Residents of Kfar Aza, and the other Israeli communities along the Gaza wire, enjoyed a good quality of life, despite the threat from Hamas rockets. In the houses, lawns and open areas of the kibbutz, a concrete shelter was never more than a dash away.
All the houses had reinforced safe rooms. They also had outside terraces, barbeques, swings for the children and fresh air.
But no-one – here in Kfar Aza or elsewhere in Israel – imagined Hamas would be able to breach Israel's defences and kill so many people.
The horror and rage of Israelis has been mixed with incredulity that the state and the military failed in its fundamental duty to protect its citizens.

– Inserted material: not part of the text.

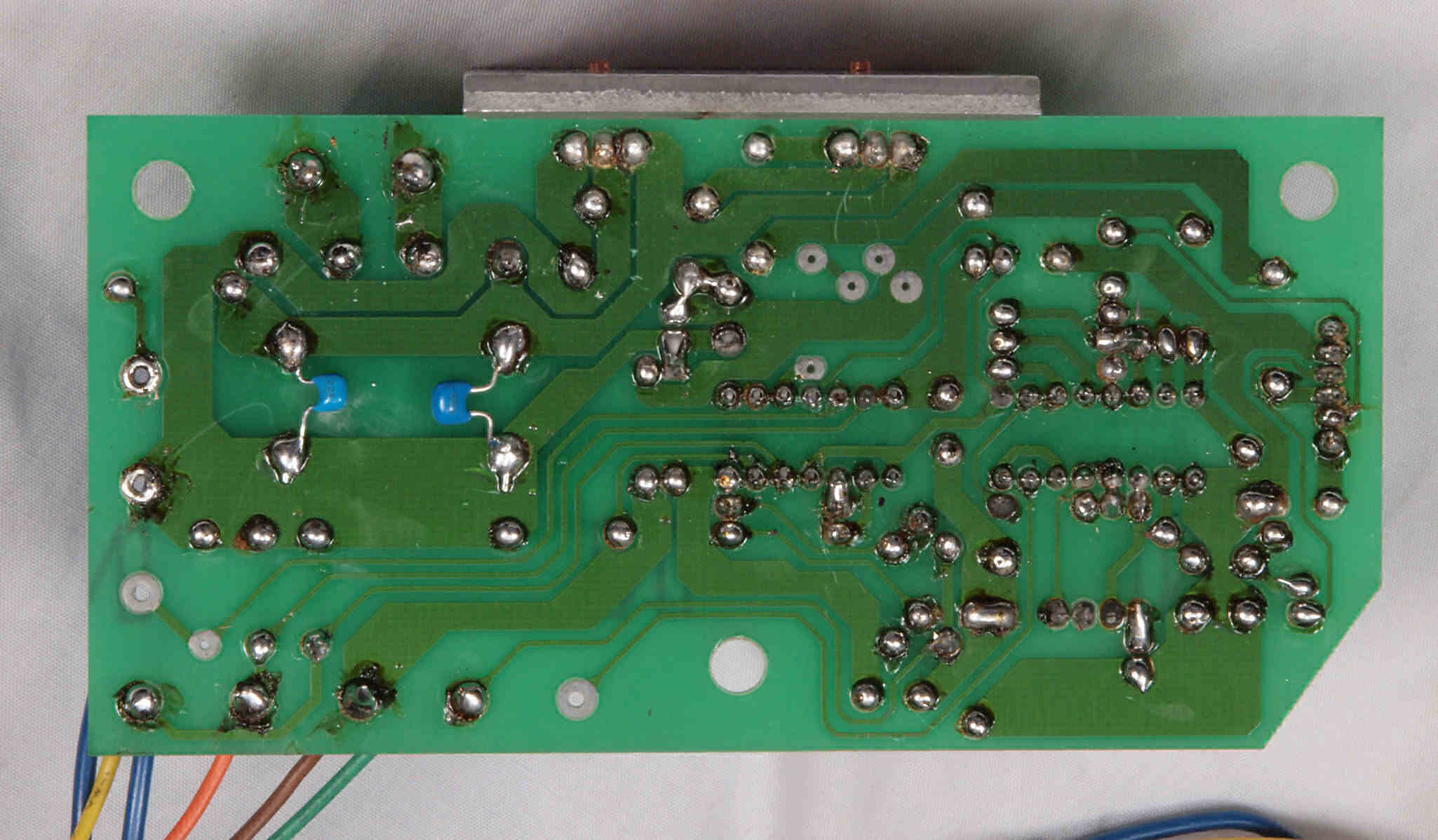 | D15. 完成モーター部コントロール基板裏。余分なフラックスを落として、コート液を塗る。 | ||||||||||||||||||||||||||||||||||||||

The bodies of dead Hamas gunmen who killed so many of them have been left rotting in the sun, lying uncovered where they were killed in bushes and ditches and the broad lawns of the kibbutz.

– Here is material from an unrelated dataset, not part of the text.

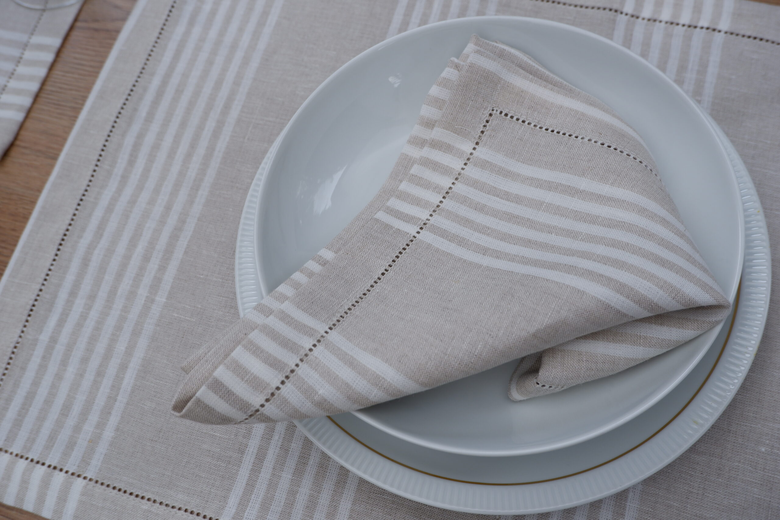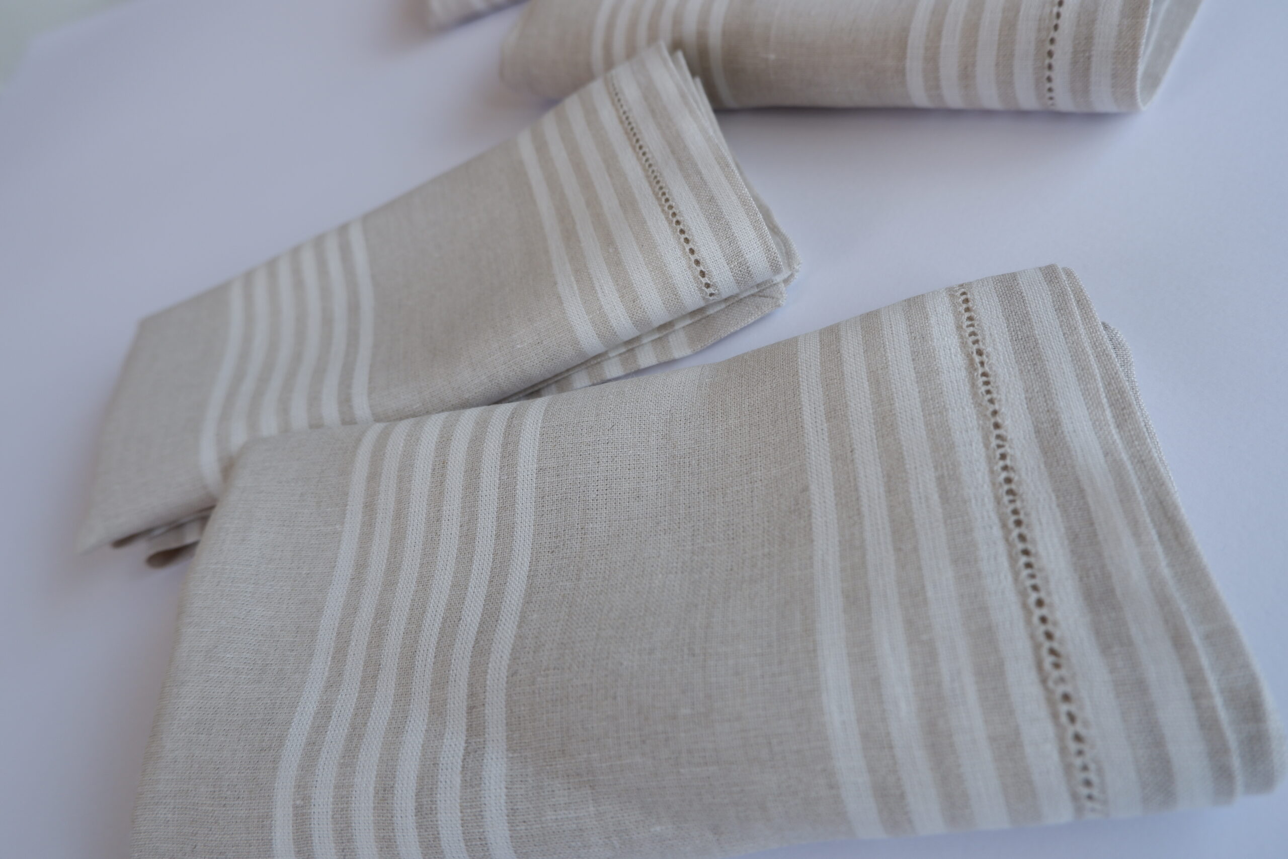 I nostri favolosi tovaglioli saint-Tropez in lino naturale sono rifiniti con dettagli a giorno. Realizzati in puro lino francese e completeranno la tua tavola con tovagliette/runner da tavola della stessa collezione , sono perfetti per un casual o formale pranzo.

Near their bodies are the motorcycles they used to storm into the kibbutz after they broke through the border wire. The wreckage of a paraglider, used to fly over Israel's defences, is there too, pushed off a path on to a flower bed.
The next common experience with other border settlements was that it took a fierce fight for the Israelis to recapture Kfar Aza.
As we approached the kibbutz entrance this morning, hundreds of Israeli combat soldiers were still deployed along its perimeter. We could hear their radio traffic.
A commander was giving the order to open fire at a building on the Gaza side. Almost immediately bursts of fire from automatic weapons started, directed across the border into Gaza.
The deep thud of airstrikes echoed continually out of Gaza while we were in Kfar Aza.
Israel is suffering a collective trauma after the killing of so many of their fellow citizens on Saturday.
But in Gaza, hundreds of civilians are also being killed. International humanitarian law states clearly that all combatants must protect the lives of civilians.
It is clear that the killing of hundreds of civilians by the Hamas attackers is grave violation of the laws of war. Israelis reject any comparison between the way Hamas kills civilians and the way Palestinian civilians die in their air strikes.
Major General Itai Veruv, who was about to retire when he led the fight to take back the kibbutz, insisted that Israel was respecting its obligations under the laws of war.
"I'm sure we fight for our values and culture… we will be very aggressive and very strong but we keep our moral values. We are Israeli, we are Jewish."
He denied strongly that they had suspended their obligations under the laws of war. It is certain though that as more Palestinian civilians die, Israel will face stronger and stronger criticism.
That is part of the glimpse of the future afforded by Kfar Aza. So is the attitude of a soldier I spoke to, who didn't want to give his name. Like so many other Israelis, the experience of the first few days of this war, and what he has seen, hardened his resolve to fight.
When they arrived, he said it was "chaos, terrorists everywhere."
How difficult, I asked, was the fighting?
"You cannot imagine."
Have you ever had to do anything like this before as a soldier?
"Not like this."
What happens next?
"I don't know, I do what they tell me to do. I hope we will go inside."
Into Gaza? That would be tough fighting.
"Yes. We're ready for it."
The soldiers were mostly from reserve units. Historically, military service was considered a vital part of nation-building, uniting a country that can be fractious.
Davidi Ben Zion, the officer who led the first wave into the fight for the kibbutz and saw the carnage left by Hamas, acknowledged Israelis had deep political divisions – but insisted they were united now that they were under attack.
A strong smell of decomposing flesh hung in the hot autumn sun of the Mediterranean. Soldiers removing the bodies walked carefully through the ruins of houses, wary of unexploded ordnance, that might also be boobytrapped. A grenade lay on a garden path.
As they worked to recover the bodies, from time to time alerts for Hamas rocket fire made them take cover.
After we left Kfar Aza there were more alerts.